• [INSTRUCTIONS TO FOLLOW]: Write out each record exactly as it stands. No pictures belong in the copy.

• [Items from a data source]:
[Start of section]

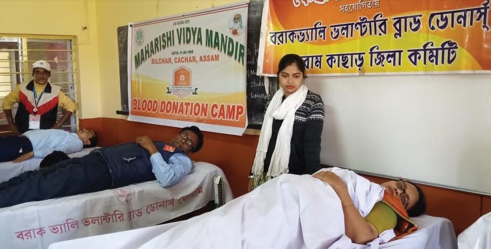 January 13: To commemorate its Silver Jubilee year, Maharishi Vidya Mandir, Silchar organised a blood donation camp on Monday. The blood donation camp was inaugurated by lighting the lamp by Samita Dutta, Principal of the School along with Ashu Paul, Working President of the Central Committee of Barak Valley Voluntary Blood Donors Forum (BVVBDF) along with the Working President of Cachar District Committee of BVVBDF.
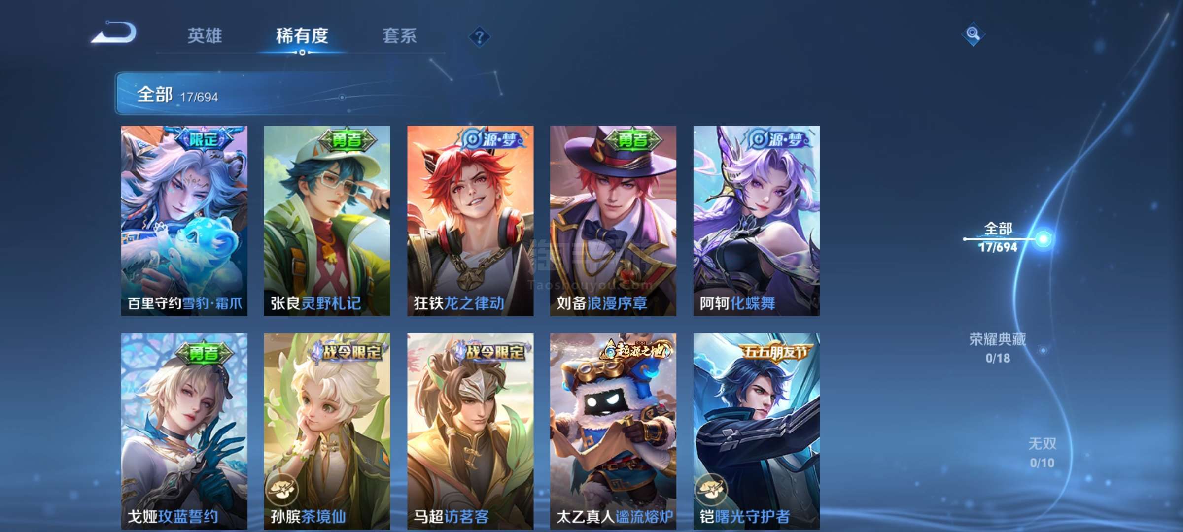 皮肤59 英雄83 荣耀黄金 其他皮肤18-差两颗星双太阳,包赔我出价格可议。
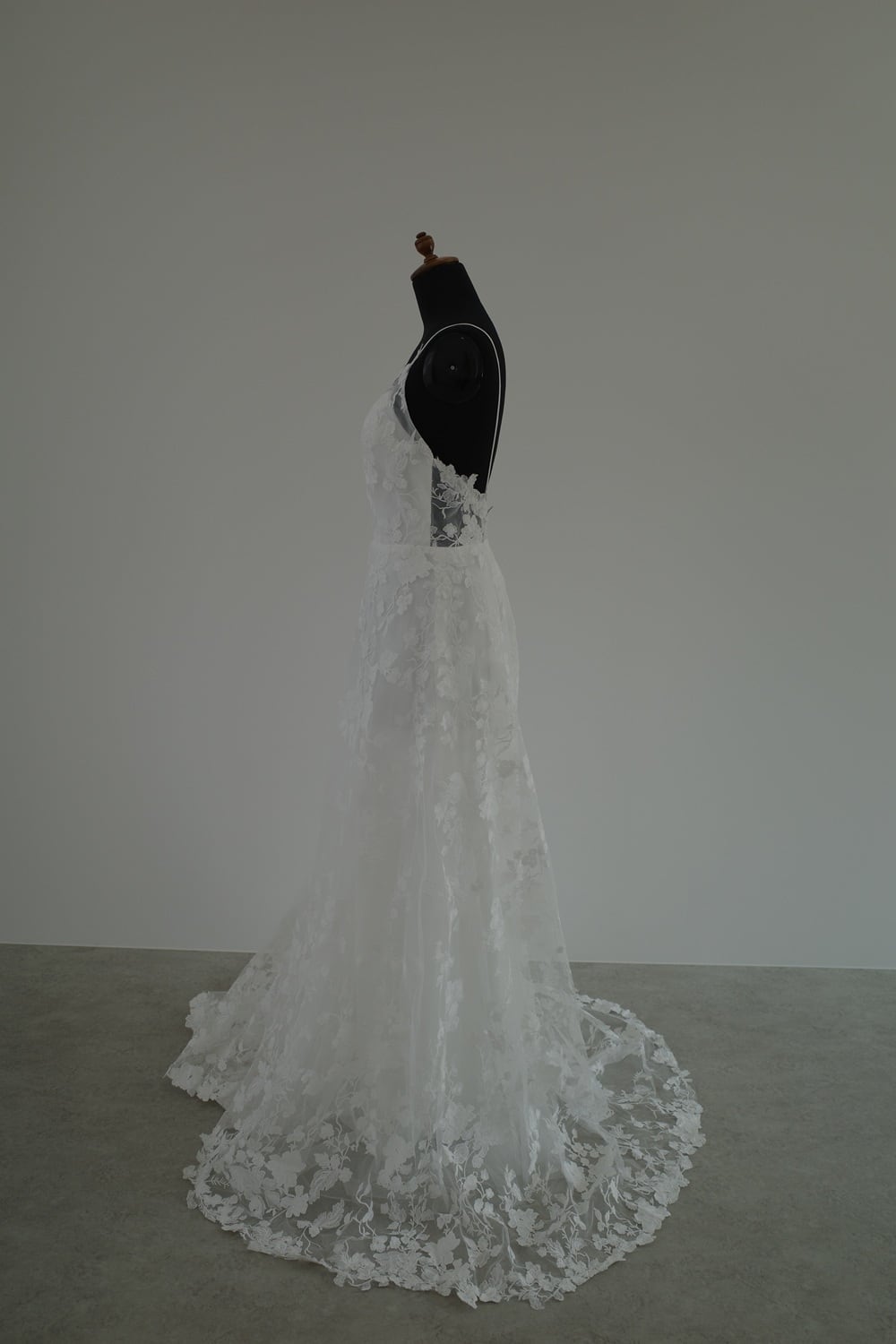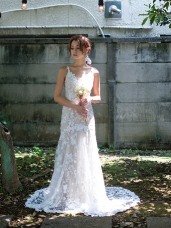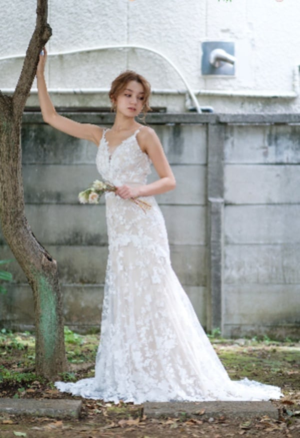 Sample Sale 刺繍レース 背中開き ソフトマーメイドドレス(W230) 【G136】
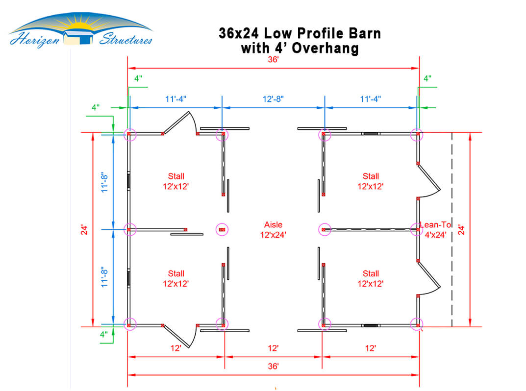 36×24 Low Profile includes (4) 12×12 stalls, 12′ raised center aisle, 4′ overhang, metal roof, windows in Dutch doors, gable vents, ridge vent, copper roofed cupola and weathervane, custom grill stall fronts with feed-thru bottom
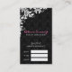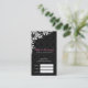 Elegant white floral lace swirls over black floral damasks pattern, appointment business card template. For Event designers, wedding planners
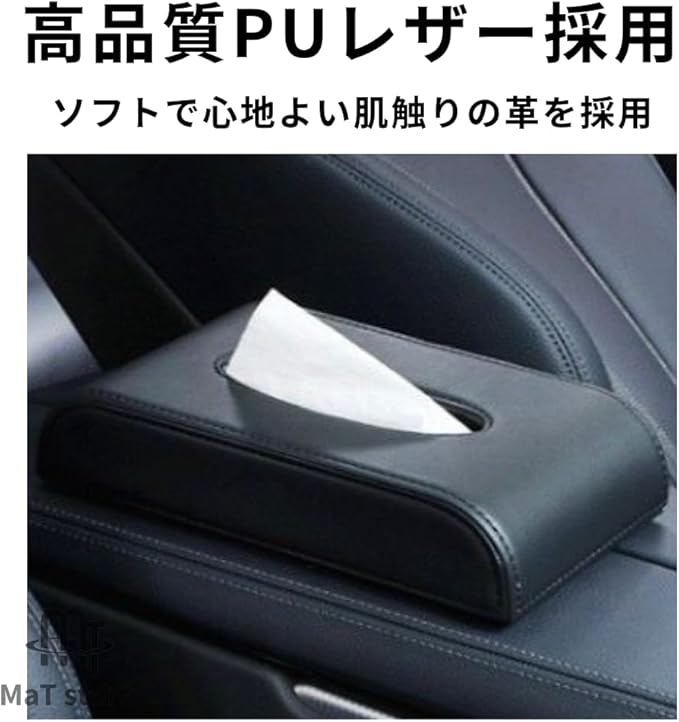 【シンプルなデザイン】高級感の漂うレザー革のティッシュボックスカバーです。流線型のモダンなデザインで愛車のドレスアップにもなります。実用性とデザイン性を兼ね備えたアイテムです。
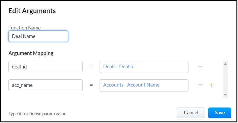 map = Map();//Modifică concatenarea în funcție de convențiile de denumiremap.put("Deal_Name",'Deal for' + ' ' + acc_name);//Pentru exemplul 1, companie de asigurărimap.put("Deal_Name",'Insurance for' + ' ' + acc_name);//Pentru exemplul 2, agenție de turismmap.put("Deal_Name",Trip' + ' ' + acc_name);//Pentru exemplul 3, companie de designmap.put("Deal_Name",'Design for' + ' ' + acc_name);//Pentru exemplul 4, companie imobiliarămap.put("Deal_Name",'Property for' + ' ' + acc_name);//Pentru exemplul 5, institut de educațiemap.put("Deal_Name",'Course for' + ' ' + acc_name);//Acesta este același pentru toate scenariiledealnameupdate = zoho.crm.updateRecord("Deals",deal_id.tolong(),map);info map;info dealnameupdate;
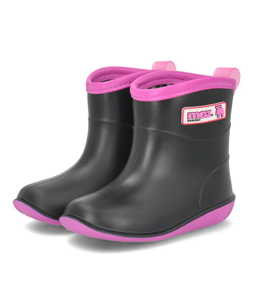 moz モズ キッズ レインブーツ 完全防水 長靴 レインシューズ MZ-8207 EC ブラック ピンク
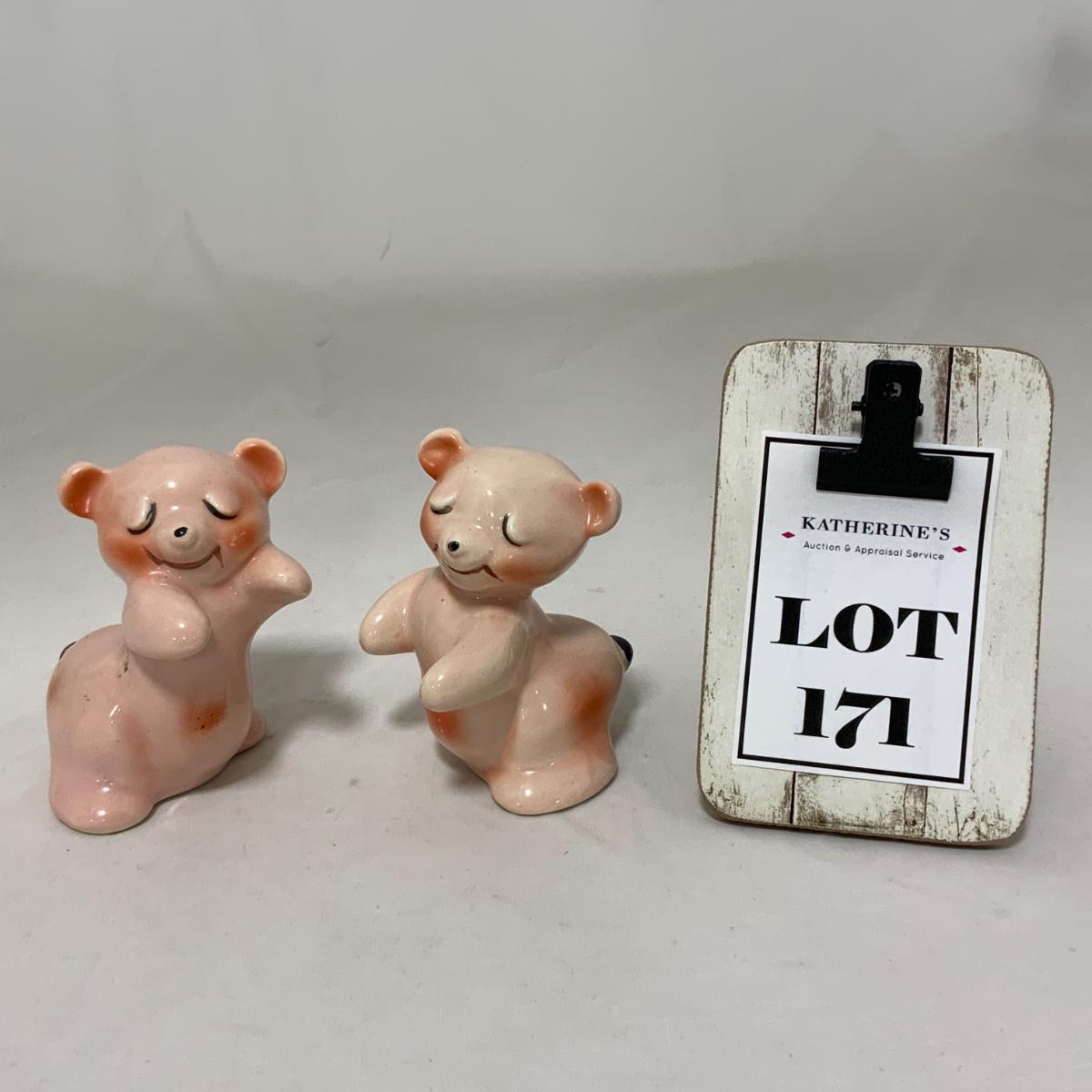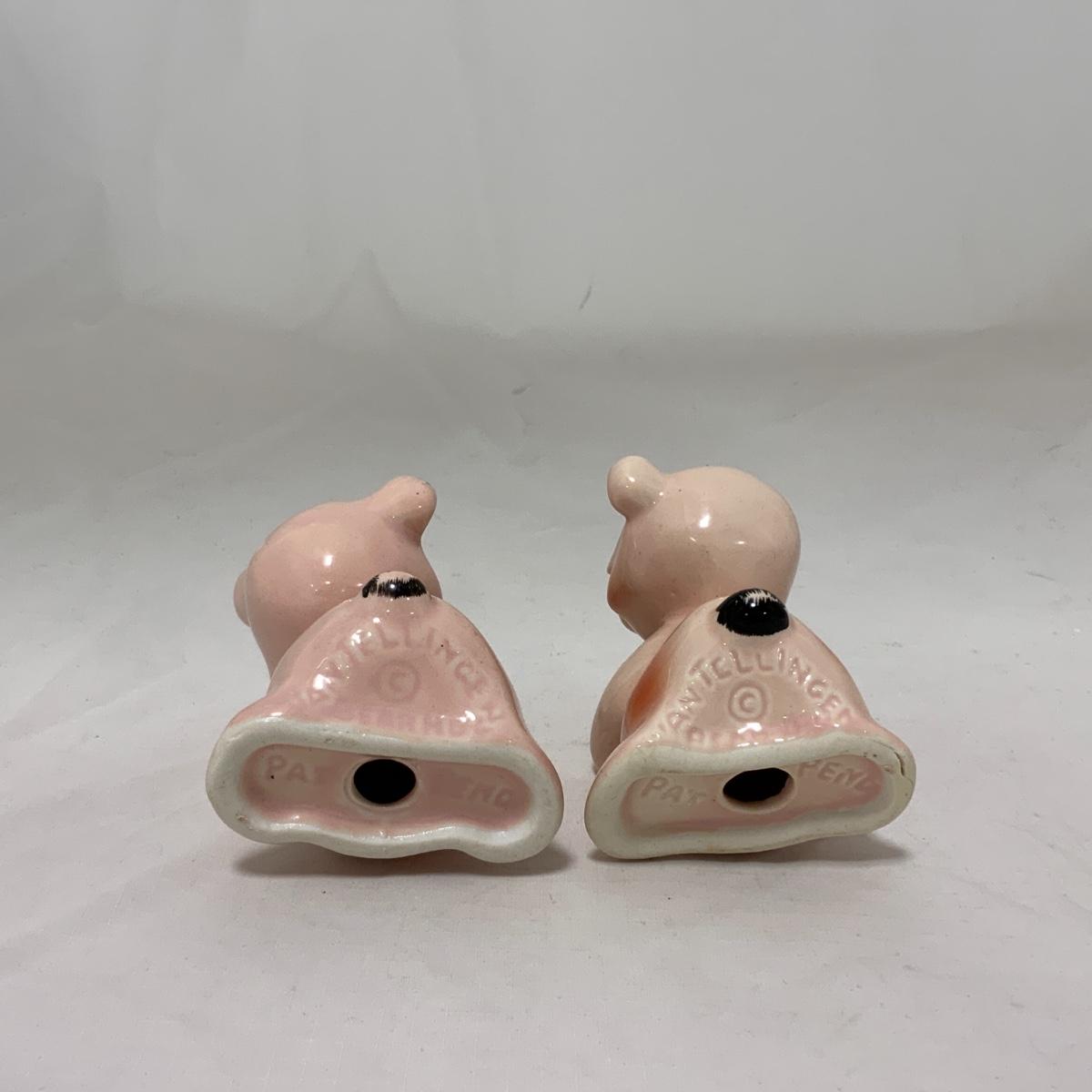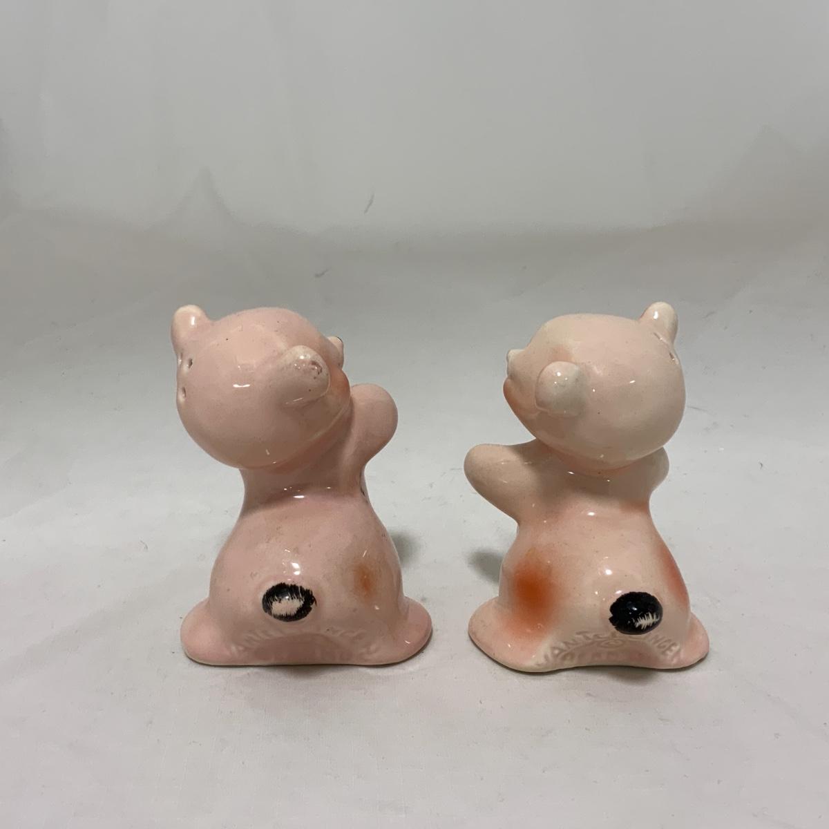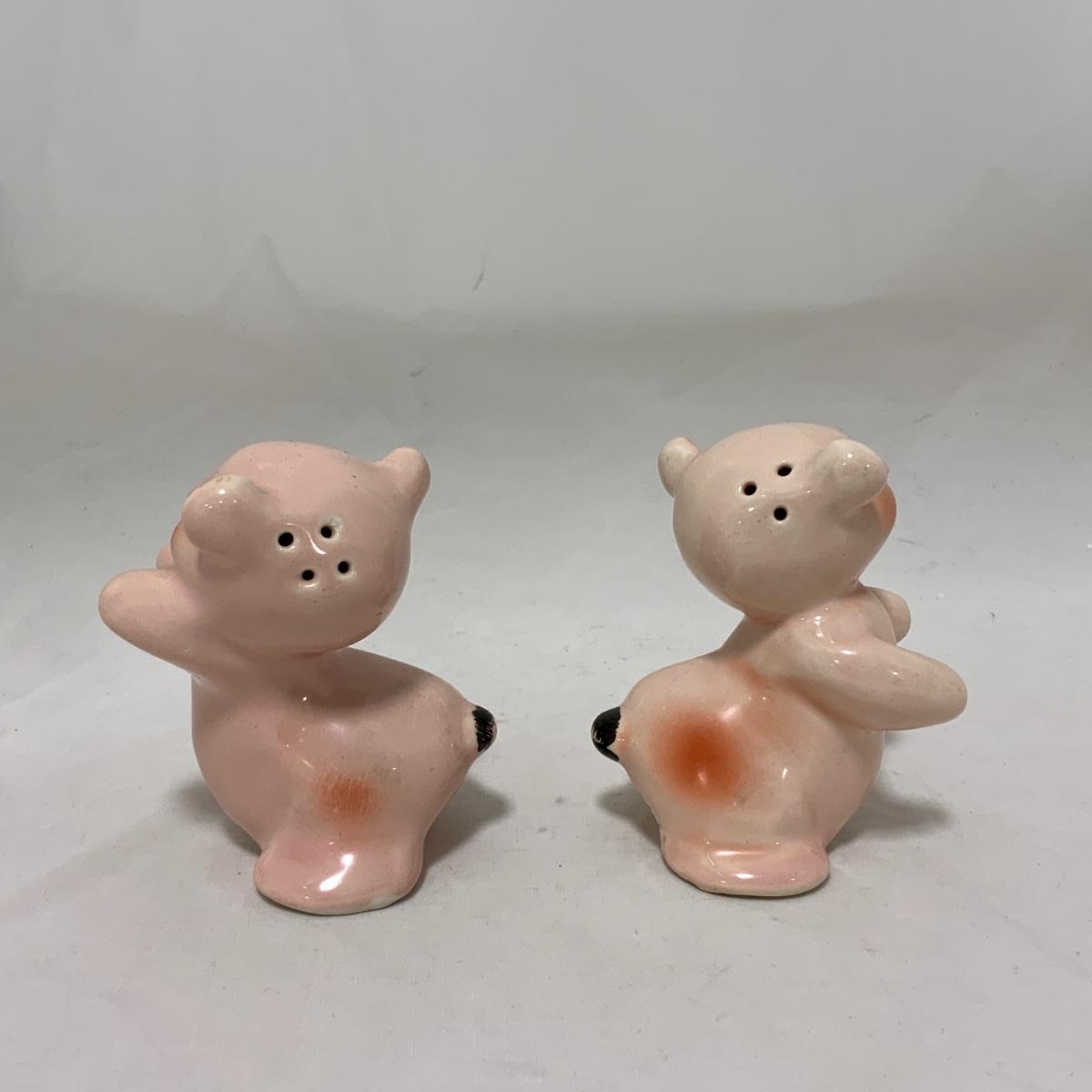 From the Estate of Peter and Alice Radovanovich: Adorable Peachy colored set of Van Tellingen Bear Huggies from the 1950s. Both pieces are in exceptional vintage condition. Please see photos for details and condition. ::: Shipping is available on this lot. If you require shipping you must let us know at the close of the auction. We will coordinate with you after the item has been won. Shipping fees will include insurance up to or exceeding the value of all items being mailed. If you have any questions regarding this lot please contact the auctioneer either via this website, by direct email or by phone. PICK UP TIMES and other important information can be found in the TERMS and DESCRIPTION of the auction. Please take a look for pertinent information. Thanks!

[End of section]

• [EXERCISE OUTPUT]:
 January 13: To commemorate its Silver Jubilee year, Maharishi Vidya Mandir, Silchar organised a blood donation camp on Monday. The blood donation camp was inaugurated by lighting the lamp by Samita Dutta, Principal of the School along with Ashu Paul, Working President of the Central Committee of Barak Valley Voluntary Blood Donors Forum (BVVBDF) along with the Working President of Cachar District Committee of BVVBDF.
 皮肤59 英雄83 荣耀黄金 其他皮肤18-差两颗星双太阳,包赔我出价格可议。
 Sample Sale 刺繍レース 背中開き ソフトマーメイドドレス(W230) 【G136】
 36×24 Low Profile includes (4) 12×12 stalls, 12′ raised center aisle, 4′ overhang, metal roof, windows in Dutch doors, gable vents, ridge vent, copper roofed cupola and weathervane, custom grill stall fronts with feed-thru bottom
 Elegant white floral lace swirls over black floral damasks pattern, appointment business card template. For Event designers, wedding planners
 【シンプルなデザイン】高級感の漂うレザー革のティッシュボックスカバーです。流線型のモダンなデザインで愛車のドレスアップにもなります。実用性とデザイン性を兼ね備えたアイテムです。
 map = Map();//Modifică concatenarea în funcție de convențiile de denumiremap.put("Deal_Name",'Deal for' + ' ' + acc_name);//Pentru exemplul 1, companie de asigurărimap.put("Deal_Name",'Insurance for' + ' ' + acc_name);//Pentru exemplul 2, agenție de turismmap.put("Deal_Name",Trip' + ' ' + acc_name);//Pentru exemplul 3, companie de designmap.put("Deal_Name",'Design for' + ' ' + acc_name);//Pentru exemplul 4, companie imobiliarămap.put("Deal_Name",'Property for' + ' ' + acc_name);//Pentru exemplul 5, institut de educațiemap.put("Deal_Name",'Course for' + ' ' + acc_name);//Acesta este același pentru toate scenariiledealnameupdate = zoho.crm.updateRecord("Deals",deal_id.tolong(),map);info map;info dealnameupdate;
 moz モズ キッズ レインブーツ 完全防水 長靴 レインシューズ MZ-8207 EC ブラック ピンク
 From the Estate of Peter and Alice Radovanovich: Adorable Peachy colored set of Van Tellingen Bear Huggies from the 1950s. Both pieces are in exceptional vintage condition. Please see photos for details and condition. ::: Shipping is available on this lot. If you require shipping you must let us know at the close of the auction. We will coordinate with you after the item has been won. Shipping fees will include insurance up to or exceeding the value of all items being mailed. If you have any questions regarding this lot please contact the auctioneer either via this website, by direct email or by phone. PICK UP TIMES and other important information can be found in the TERMS and DESCRIPTION of the auction. Please take a look for pertinent information. Thanks!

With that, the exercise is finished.